今月の法話
令和5年2月
お念佛からはじまる幸せ
皆様にとって「幸せ」とは何でしょうか?またどんな時その幸せを感じられますか?
毎年2月になると思い返す事があり、12年経った今もそれは変わりません。お月参りを続けて下さるお檀家さまがお爺様の百ヶ日をつとめらえた次のお月参りに寄せて頂いた時の事です。
「先般はありがとうございました。無事に納骨まで済ませて頂けました。実は百ケ日の日、中学生の孫はクラブの試合があって来てませんでしたが、前日にお爺ちゃんに手を合わしに来てくれましてね。お位牌に手を合わせ、お骨を抱きしめて「お爺ちゃん、またね」そしてお骨を抱きしめたままお爺ちゃんの部屋に行って「お爺ちゃんの匂いがする。
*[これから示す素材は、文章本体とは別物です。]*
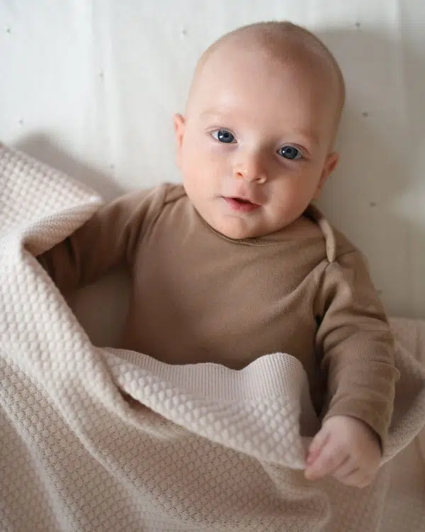 Ovo su dekice koje traju godinama i s kojima ćete stvarati najljepše uspomene. Izrađene od 100% končanog pamuka savršene su za bebinu osjetljivu kožu. Dolaze u nježnim, prirodnim tonovim a izrađene su posebnom tehnikom pletenja koja im daje dozu luksuza, ali i svakodnevnu praktičnost. Napravljene od prozračnog, kvalitetnog pamuka, savršene su za korištenje tijekom cijele godine – ljeti lagane i ugodne, zimi tople i umirujuće. Dekicu je moguće personalizirati pa je idealna kao poklon koji ostaje kao uspomena.
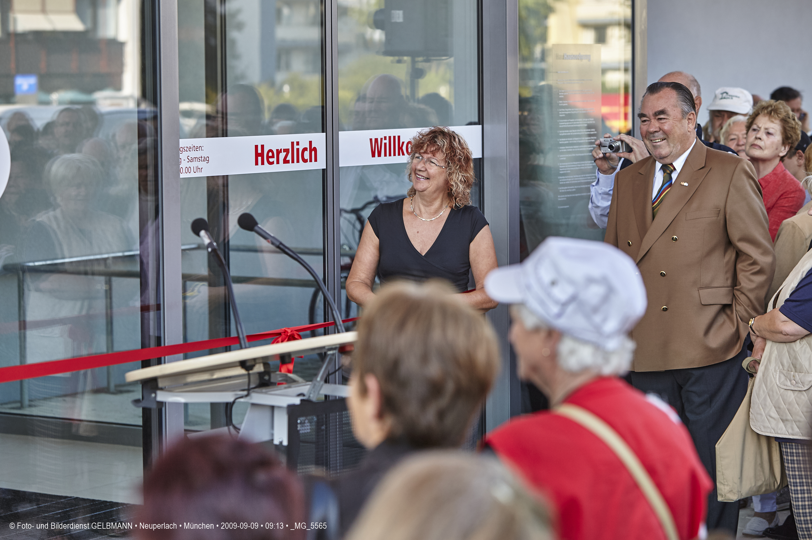 Kurz vor 09:09h nahm Frau Achhammer die Schere in die Hand um vor dem wartenden Publikum das Band zu zerschneiden. Das Publikum strömte in das „life“, vorbei an den Politikern, die sich hinter dem Rednerpult in Sicherheit gebracht haben.

このままこの部屋置いといてね」と言うて帰って行きましてね。まさか前日にわざわざ思春期の孫が来てくれるとは思ってもいなかったですし、ましてやその様な言葉を言うてくれるとは・・・。それが本当に嬉しくて嬉しくて」と、涙を零されておりました。
それまでのお孫さまは、阿弥陀様とかお念佛など信心頂いておられなかったように思います。しかし、お爺ちゃんに対しての感謝の気持ちやもう一度会いたいと思われるそのお気持ちが、ご一緒に座ってお参りするようになられ、阿弥陀様とのご縁を深めてきて頂いたお爺ちゃんお婆ちゃんのぶれない信仰心が、お孫さまの心に受け継いで頂いたのではないかと。
阿弥陀様を信じる心から、お念仏をお称えさせて頂く幸せを感じつつ、人としての優しさや、思いやりの心を育てる事が出来るのではないでしょうか。人としての本来持つべきみ心を育て、心の健康、体の健康を育んで頂いているものと受け止めさせて頂いた次第です。 今月13回忌の法要、久々にお孫さまに会えるのが楽しみです。